Canopy Labs
- Industry: Computer software
- Founded: 2012
- Founder: Wojciech Gryc Jorge Escobedo
- Successor: Drop
- Headquarters: Toronto, Ontario, Canada
- Website: www.canopylabs.com

= Canopy Labs =

Software company in Canada

Canopy Labs is a customer analytics company headquartered in Toronto, Ontario, Canada, with offices in San Francisco. It was founded in 2012 and offers SaaS marketing analytics for businesses and organizations. The company is an alumnus of the Y Combinator accelerator program. Canopy Labs was acquired by Drop.

== History ==

Canopy Labs was founded in 2012 in Thornhill, Ontario by Wojciech Gryc and Jorge Escobedo.
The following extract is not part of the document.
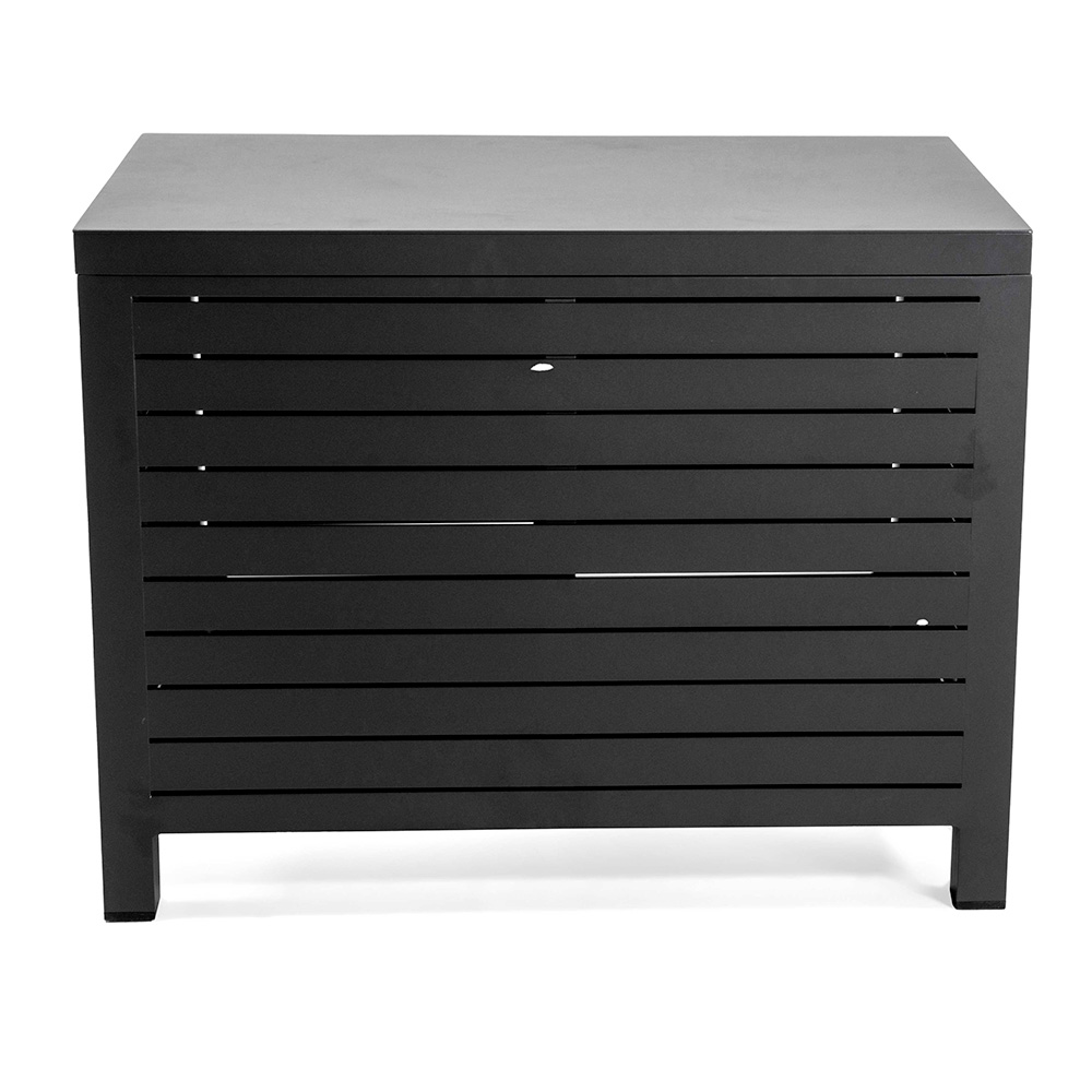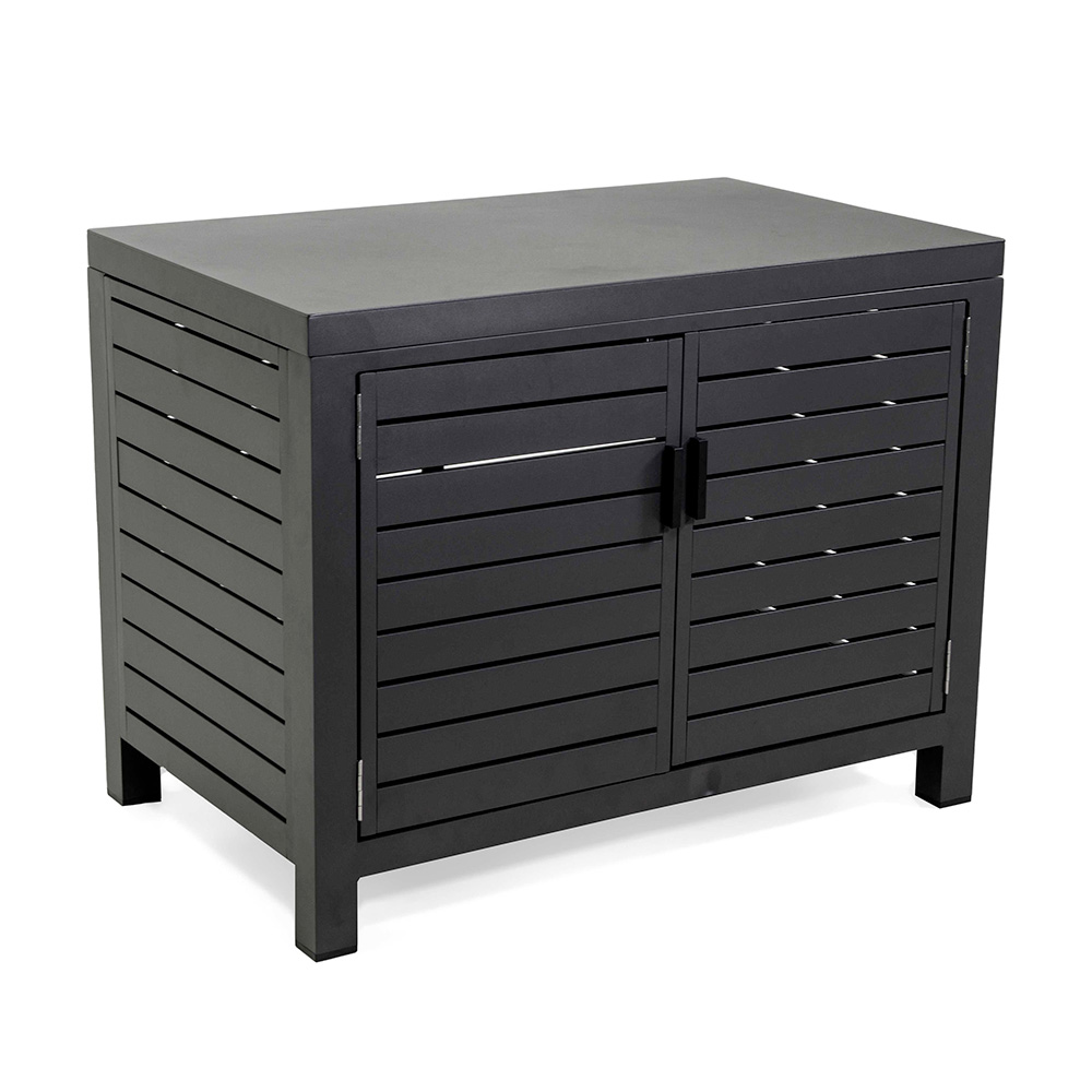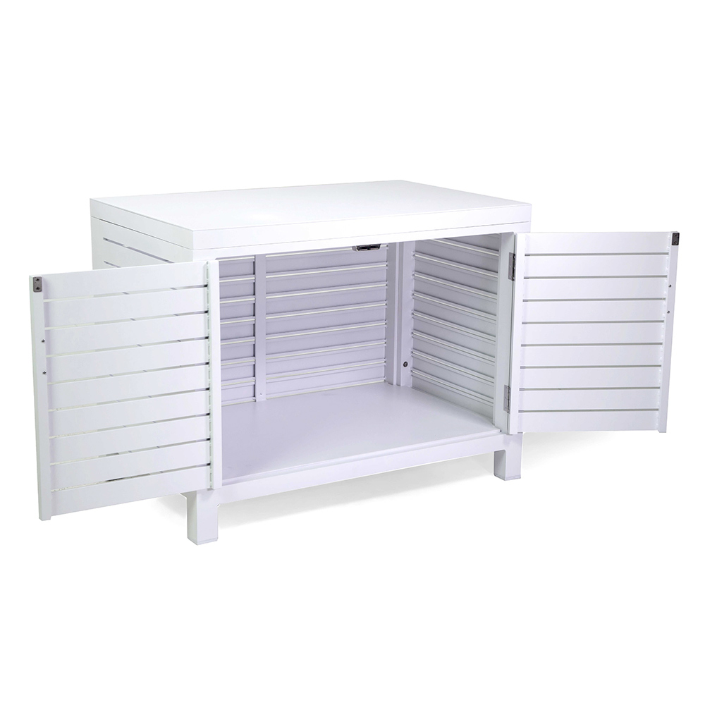 Shtoni një prekje elegance moderne në hapësirën tuaj të jashtme me këtë kabinet të sofistikuar prej alumini , i cili do të përshtatet në mënyrë të përkryer në çdo ambient të jashtëm. Dizajni me shirita të pastër krijon një efekt vizual tërheqës, duke e bërë atë një element qendror funksional dhe dekorativ.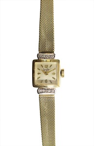 ladies watch "VINTAGE", yellow gold 585/000, signed ZentRa, 8 whitediamonds , folding clasp (with tension spring), lenght = 17,5, total 19.6 g

Gryc is a Loran Scholar, Rhodes Scholar and former McKinsey consultant, and Escobedo is a former PhD researcher at the Perimeter Institute and University of Waterloo.

In 2012, the company joined the Y Combinator start-up acceleration program in Silicon Valley as part of the 2012 Summer Class. The company returned to Toronto in 2012, raising $1.5 million in seed funding from BDC Venture Capital's IT Fund, Peter Thiel's Valar Ventures, and a number of angel investors.

In March 2015, the company announced the launch of its new Canopy Labs platform, focused on helping businesses to track and optimize customer journeys and purchase funnels.

In 2018, Canopy Labs was acquired by customer loyalty company Drop Technologies.